Task statement — Would you transcribe only the lines below, from the one containing "Polka Bow Hairband" through the end of the material, exactly and with no pictures?

Data below —
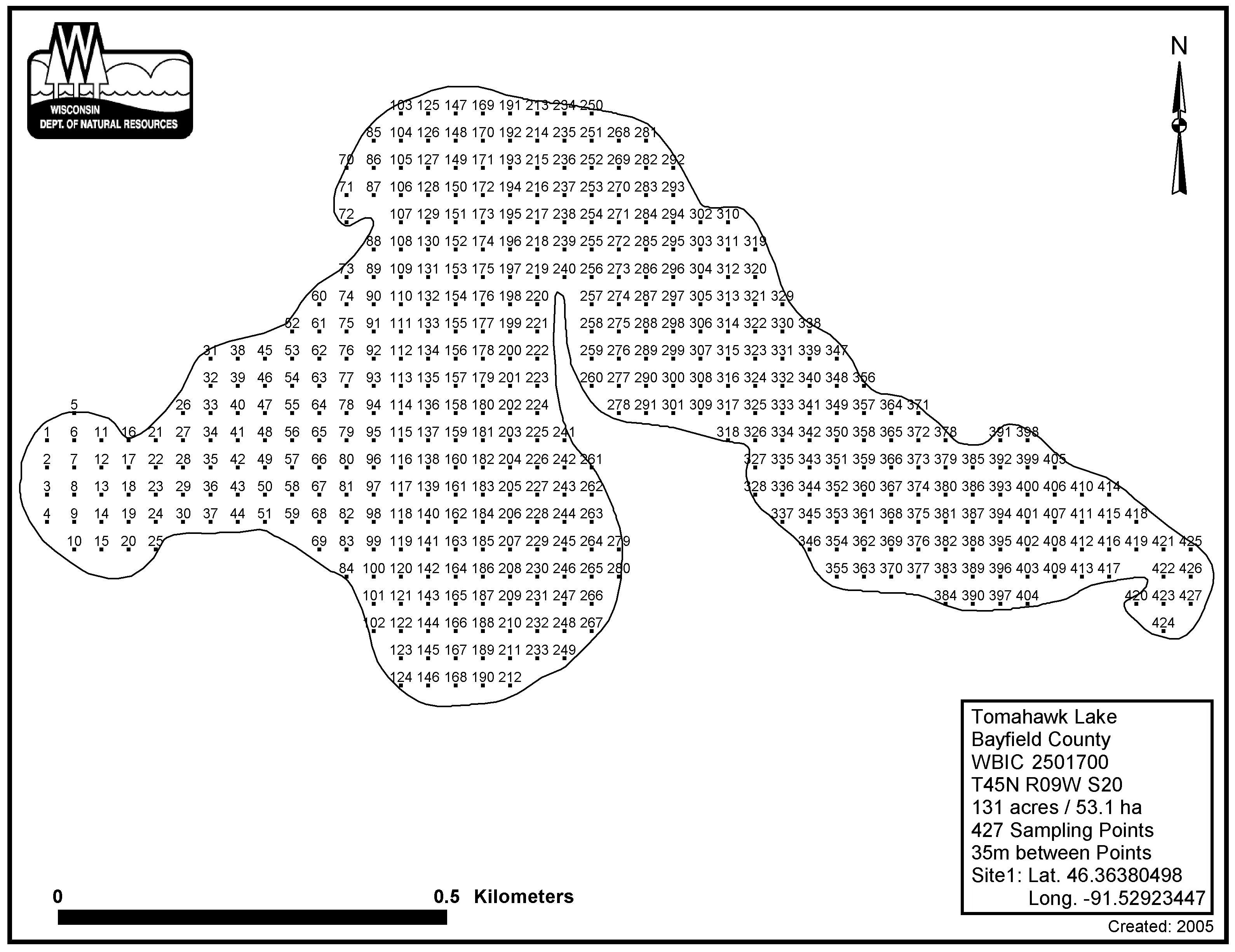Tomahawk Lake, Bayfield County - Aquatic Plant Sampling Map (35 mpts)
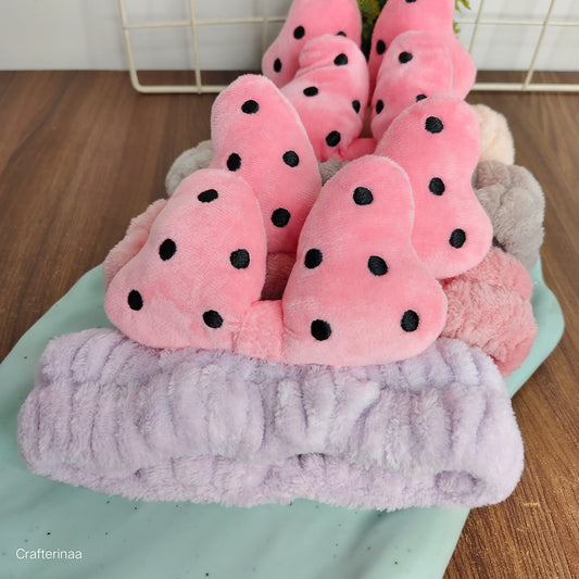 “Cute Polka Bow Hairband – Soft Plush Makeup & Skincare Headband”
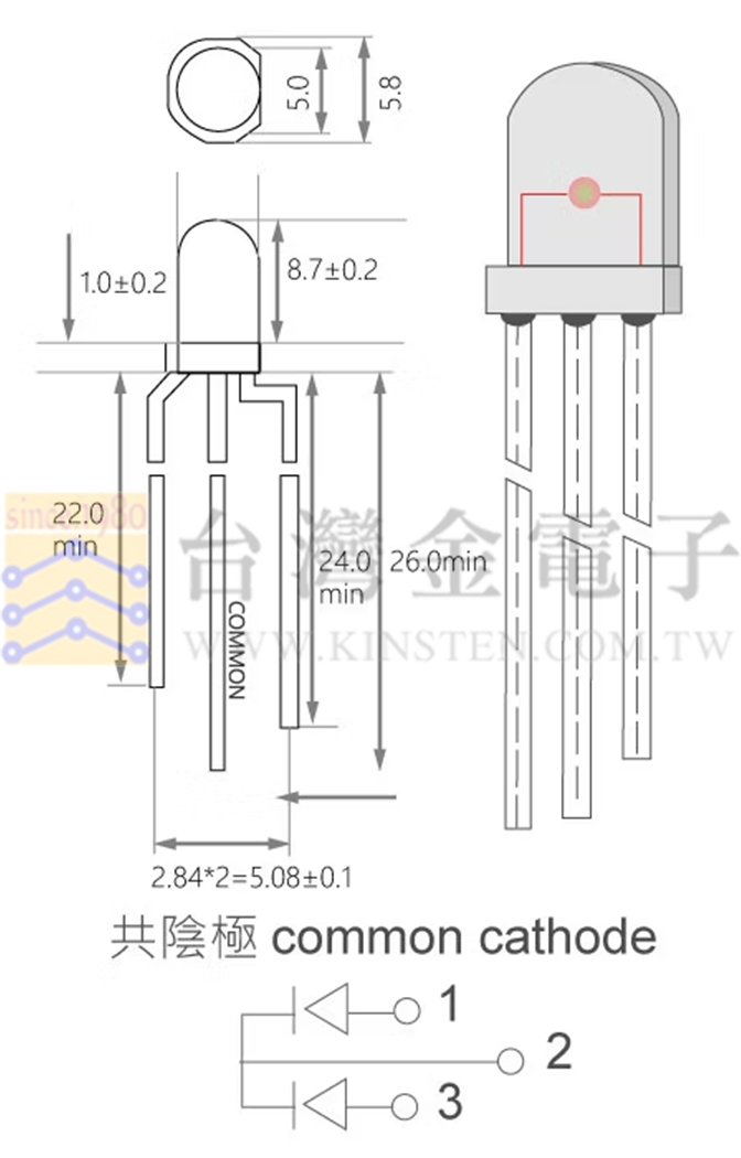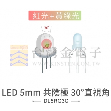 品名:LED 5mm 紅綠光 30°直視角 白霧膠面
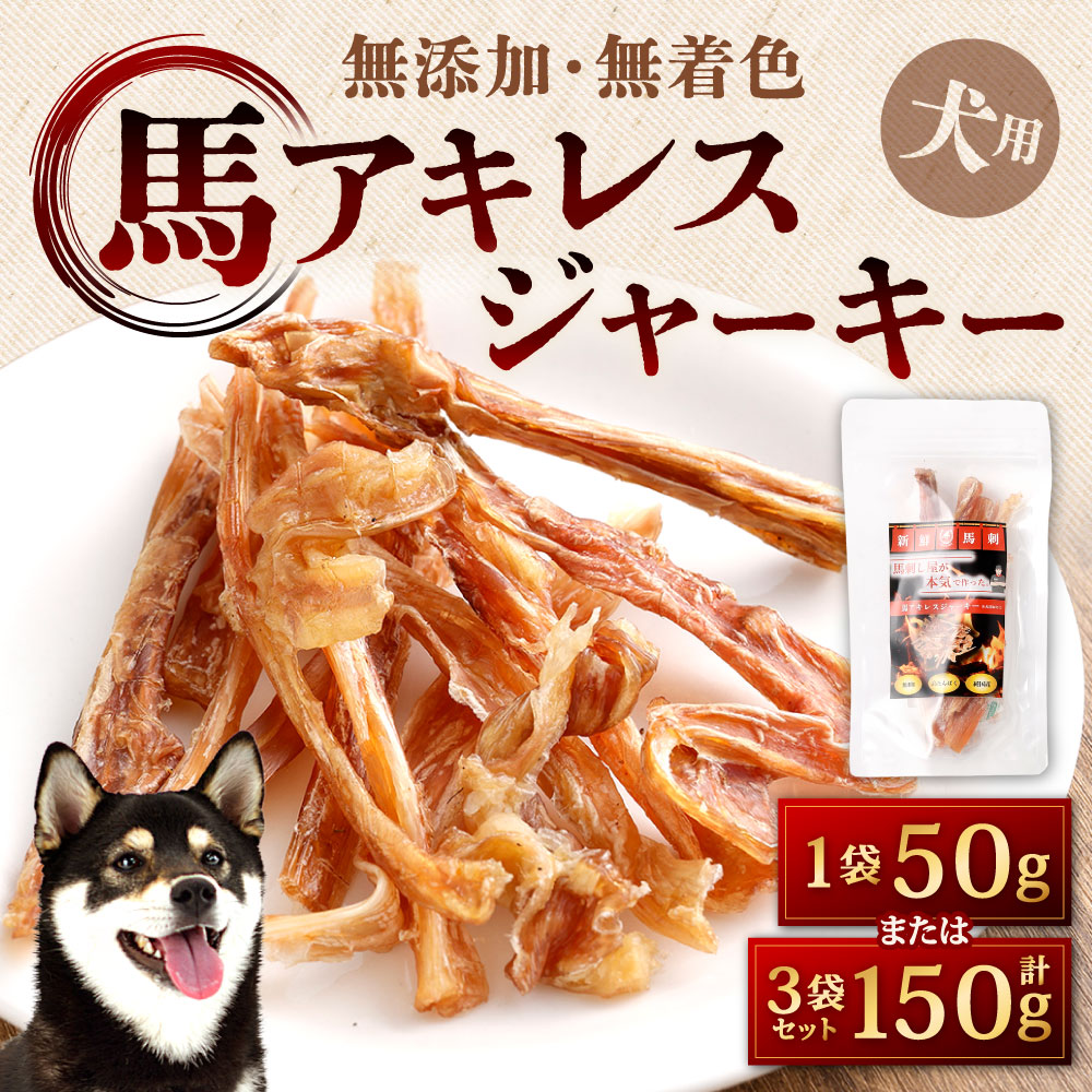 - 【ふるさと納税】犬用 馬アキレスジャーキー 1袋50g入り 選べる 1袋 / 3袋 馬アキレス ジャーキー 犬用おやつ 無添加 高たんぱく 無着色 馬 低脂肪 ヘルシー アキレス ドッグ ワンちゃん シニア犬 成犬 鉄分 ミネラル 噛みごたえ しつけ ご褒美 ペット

Answer space —
 “Cute Polka Bow Hairband – Soft Plush Makeup & Skincare Headband”
 品名:LED 5mm 紅綠光 30°直視角 白霧膠面
 - 【ふるさと納税】犬用 馬アキレスジャーキー 1袋50g入り 選べる 1袋 / 3袋 馬アキレス ジャーキー 犬用おやつ 無添加 高たんぱく 無着色 馬 低脂肪 ヘルシー アキレス ドッグ ワンちゃん シニア犬 成犬 鉄分 ミネラル 噛みごたえ しつけ ご褒美 ペット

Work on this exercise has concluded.